Como contrabalanza se iba afirmando cada vez con más claridad el contingente de los jonios que, aunque inferiores en número, constituían por su mayor preparación un bloque de fuerza militar equiparable. Sin embargo, el equilibrio era inestable y la mejor manera de evitar un enfrentamiento era movilizarlos a todos contra un enemigo común.

Ése era el pensamiento profundo que escondía tras unas razones más superficiales que expuso y que parecieron bien a la mayoría.

Pero entonces intervino Autofrádates.

2

Desde su rincón en la tienda el rodio explicó con la hosquedad que se le conocía los motivos por los cuales pensaba que tenían la batalla perdida.

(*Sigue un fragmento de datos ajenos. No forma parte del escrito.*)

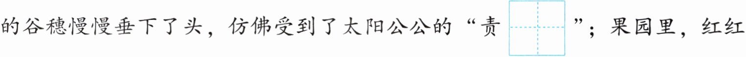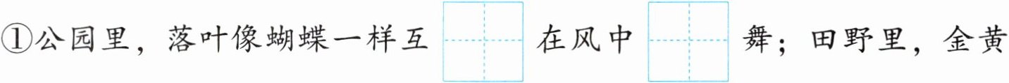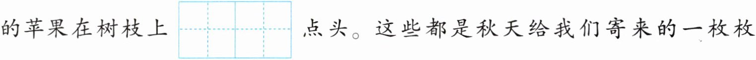 ①公园里,落叶像蝴蝶一样互 在风中 舞;田野里,金黄的谷穗慢慢垂下了头,仿佛受到了太阳公公的“责 ”;果园里,红红的苹果在树枝上 点头。这些都是秋天给我们寄来的一枚枚邮 。

—Lo que afirma Artábazo es muy sensato, como de costumbre. Pero no me convence —dijo—. O por lo menos ya no. Las cosas no han dejado de ir a peor. Nos guste o no hemos de rendirnos a la evidencia. Los pueblos del Imperio han perdido su confianza en nuestra buena estrella y sobre todo en la tuya, Darío. En cambio Beso cuenta con el apoyo de las naciones orientales. Los escitas y los indios son aliados de su familia desde hace muchas generaciones y muchos se les unirán para defender al bactriano…

Autofrádates ya nunca cruzaba la palabra con Beso.

Desde su último enfrentamiento, cuando el Gran Rey le había retirado su confianza, los dos se ignoraban y en las raras ocasiones en las que se veía obligado a dirigirse a él Beso, por ejemplo, lo hacía a través de terceras personas. «Dile que su presencia en este campamento ya no es grata al Gran Rey», le había dicho recientemente a Farnabazo.